Exercise objective:
For any picture in the lines below, please leave it out and copy the rest exactly.

Stored data:
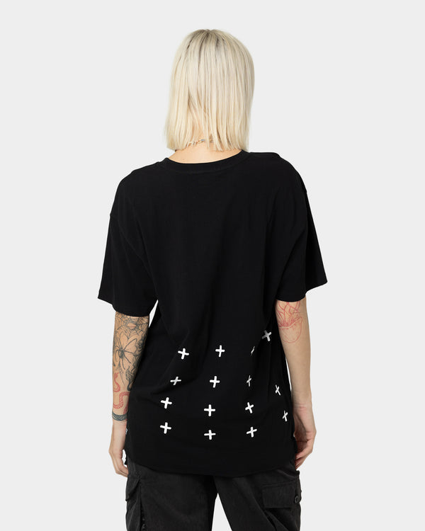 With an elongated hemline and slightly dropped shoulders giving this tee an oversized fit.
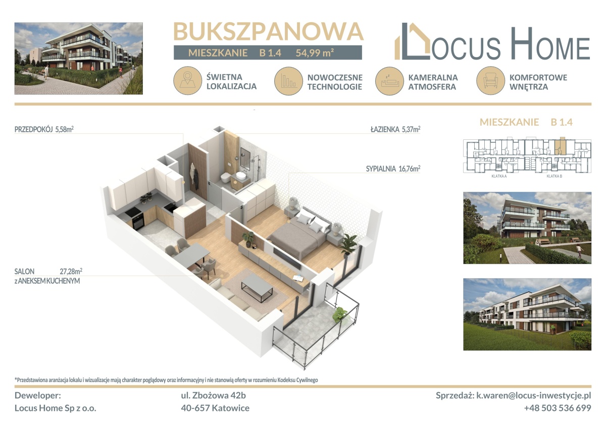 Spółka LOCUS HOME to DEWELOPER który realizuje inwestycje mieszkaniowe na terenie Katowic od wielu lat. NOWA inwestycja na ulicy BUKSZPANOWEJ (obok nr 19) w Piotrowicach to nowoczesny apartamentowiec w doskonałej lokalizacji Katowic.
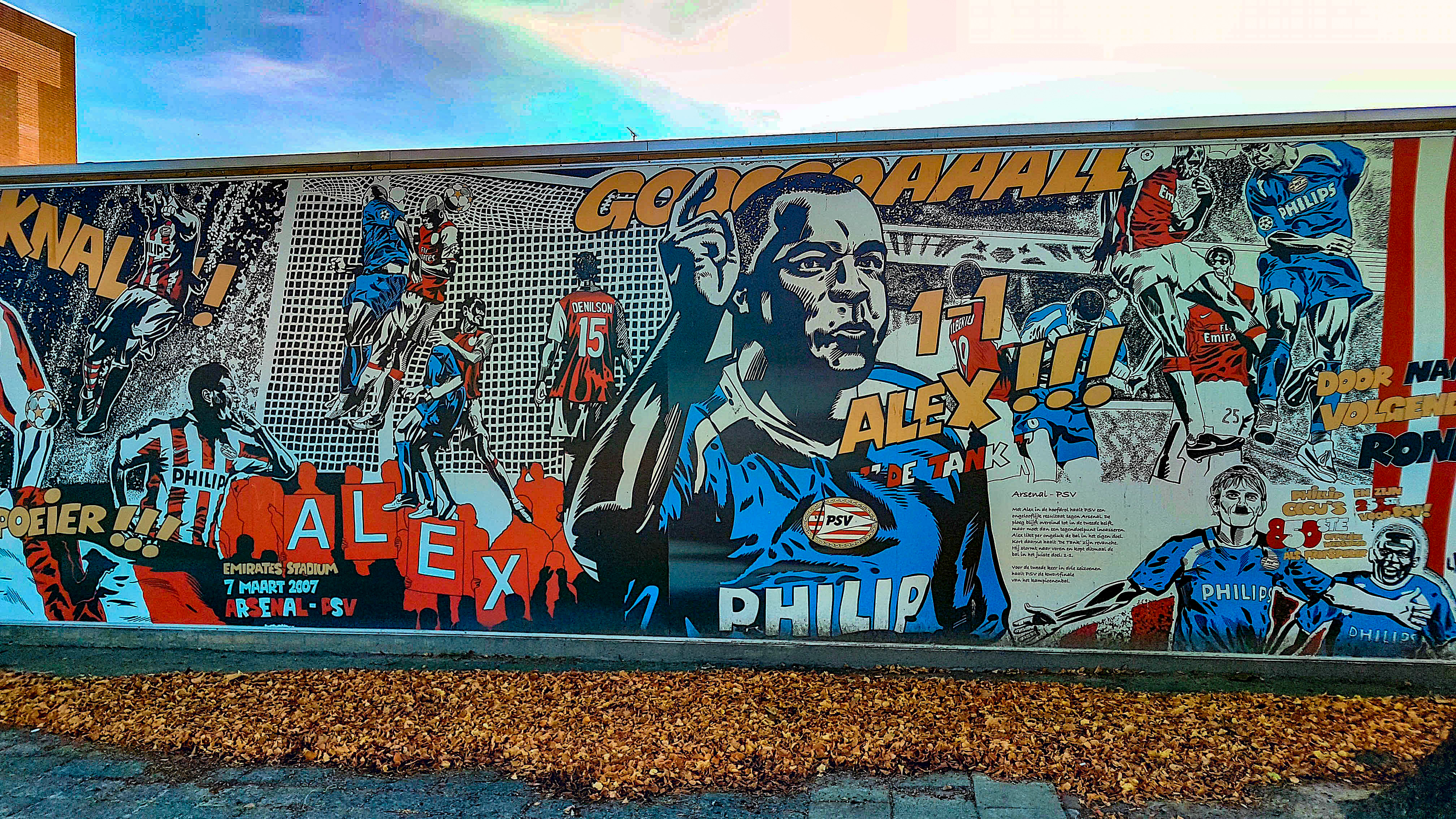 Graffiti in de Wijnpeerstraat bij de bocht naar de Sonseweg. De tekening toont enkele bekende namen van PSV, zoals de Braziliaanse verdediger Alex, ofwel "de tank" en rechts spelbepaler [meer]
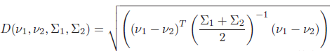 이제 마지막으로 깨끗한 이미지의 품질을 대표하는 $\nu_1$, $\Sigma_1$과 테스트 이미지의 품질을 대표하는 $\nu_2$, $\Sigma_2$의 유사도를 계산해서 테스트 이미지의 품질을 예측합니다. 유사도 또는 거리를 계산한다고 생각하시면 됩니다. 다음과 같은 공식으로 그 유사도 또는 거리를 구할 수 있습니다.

Result for this task:
 With an elongated hemline and slightly dropped shoulders giving this tee an oversized fit.
 Spółka LOCUS HOME to DEWELOPER który realizuje inwestycje mieszkaniowe na terenie Katowic od wielu lat. NOWA inwestycja na ulicy BUKSZPANOWEJ (obok nr 19) w Piotrowicach to nowoczesny apartamentowiec w doskonałej lokalizacji Katowic.
 Graffiti in de Wijnpeerstraat bij de bocht naar de Sonseweg. De tekening toont enkele bekende namen van PSV, zoals de Braziliaanse verdediger Alex, ofwel "de tank" en rechts spelbepaler [meer]
 이제 마지막으로 깨끗한 이미지의 품질을 대표하는 $\nu_1$, $\Sigma_1$과 테스트 이미지의 품질을 대표하는 $\nu_2$, $\Sigma_2$의 유사도를 계산해서 테스트 이미지의 품질을 예측합니다. 유사도 또는 거리를 계산한다고 생각하시면 됩니다. 다음과 같은 공식으로 그 유사도 또는 거리를 구할 수 있습니다.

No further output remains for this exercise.